Chi does not provide built-in sanitization for parameters captured from the request (e.g., :docId path parameters). When a handler constructs a command string to invoke a tool that reads or writes Firestore data—such as using gcloud CLI or a custom script—and embeds parameters directly into that string, an attacker can inject additional shell commands. For example, a docId like doc1; cat /etc/passwd could cause the handler to execute unintended commands if the input is concatenated without validation.
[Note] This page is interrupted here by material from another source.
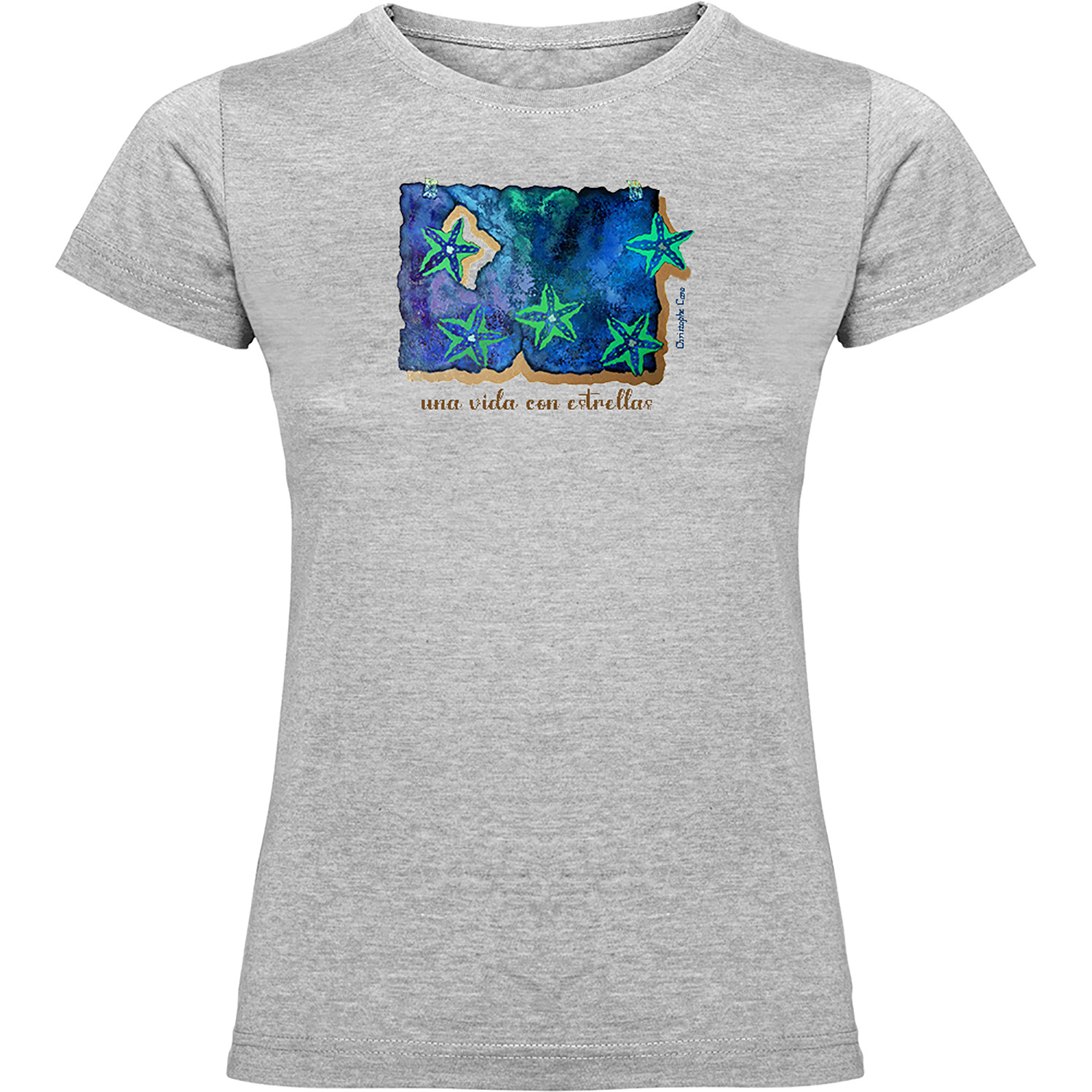 Obra «Una vida con estrellas» del artista Christophe Caro impresa en alta resolución sobre camiseta mujer 100% algodón de diferentes colores y tallas

Even when Firestore itself is not directly exploitable via injection, the surrounding infrastructure can be. Consider a Chi route that exports Firestore documents to a local file for processing: firestore export gs://bucket --collection=users. If the export destination or a filter value is derived from user input and appended to the command, an attacker might manipulate the command flags or paths to read arbitrary files or achieve remote code execution. This is especially relevant when combined with insecure runtime configurations, overly permissive service accounts, or exposed administrative endpoints.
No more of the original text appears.